Extracted feature and sensor placement analysis
At the end of our accelerometry processing pipeline (Fig. 1), we extracted eight unique feature types (Table 4) from each of the six accelerometers placed around SBI patient joints. For each of these 48 feature-sensor combinations, we calculate a relative significance score equivalent to the mean absolute value of the learned coefficients of supervised dimensionality reduction (i.e., the relative importance in explaining the variance in the dataset stratified by the endpoint) weighted by the absolute value of learned logistic regression coefficients (see Methods).

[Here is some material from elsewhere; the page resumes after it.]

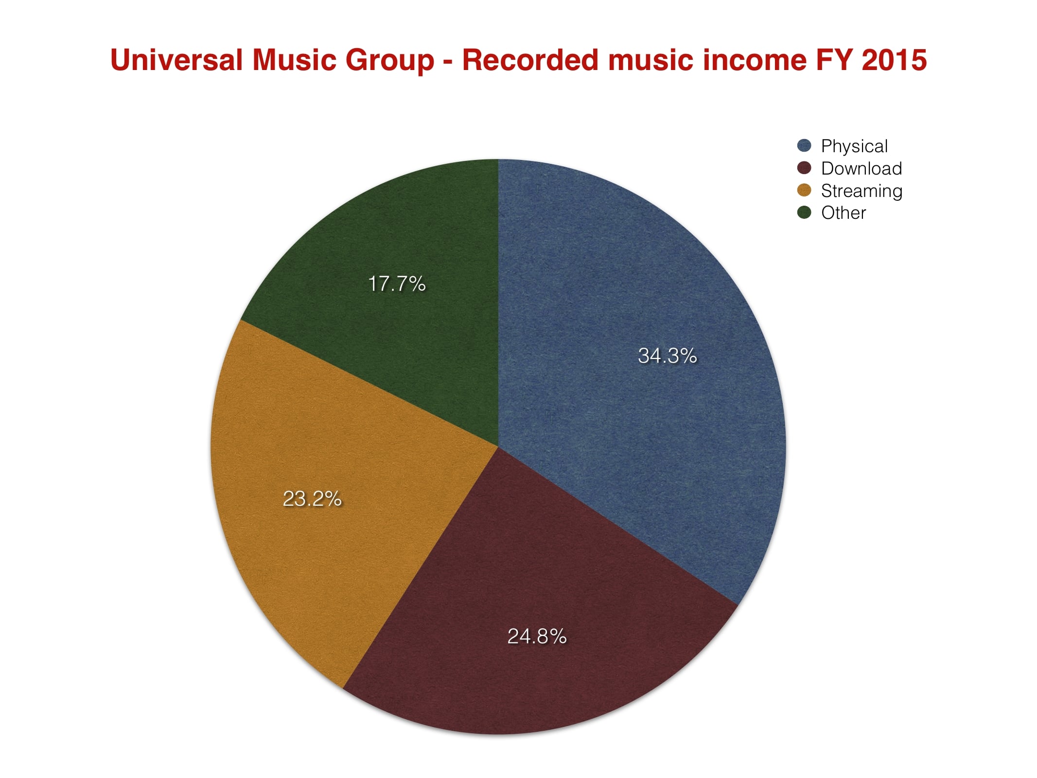 As such, CD and vinyl claimed 34.3% of UMG’s total recorded income pie in 2015, far less than digital’s 48%, with licensing (sync – ‘other’) growing 7.1% to €728m.

We consider the optimally discriminating configurations of the two most promising model types as representatives for motor function detection and functional outcome prediction respectively: (a) GCSm > 4 with a 6-hour observation window and (b) GOSE (at hospital discharge) > 5 with a 6-hour observation window. The feature significance scores of these two model types are visualized as heatmaps in Fig. 5a and Fig. 5b respectively.
For both motor function detection and functional outcome prediction, there is more variation in significance scores across feature types than across sensor placements. For motor function detection, the proportion of dynamic activity (PDA) in the observation window, the frequency-domain entropy (FDE), and the median frequency (MFR) are the three most significant feature types, descending in that order. For functional outcome prediction, the descending order of the three most significant feature types is FDE, MFR, and PDA. PDA is a crude measurement of overall physical activity27, while FDE enables differentiation between activity profiles which have simple acceleration patterns and those with more complex patterns16. From the pair of high-pass-filtered medians (HLF (h)) and low-pass-filtered medians (HLF (l)), HLF (h) has a significantly greater mean significance score than HLF (l) for every sensor placement in both model endpoints based on 95% confidence intervals. This, along with the relative significance of MFR, suggests that finer movements, captured in higher frequencies of accelerometry, can be more clinically significant in discriminating functional motor states and global outcomes from SBI. Moreover, the consistently strong significance of PDA, FDE, and MFR suggests that features of both the time domain (PDA) and the frequency domain (FDE, MFR) in combination may be useful for clinical assessments of functional neurological states.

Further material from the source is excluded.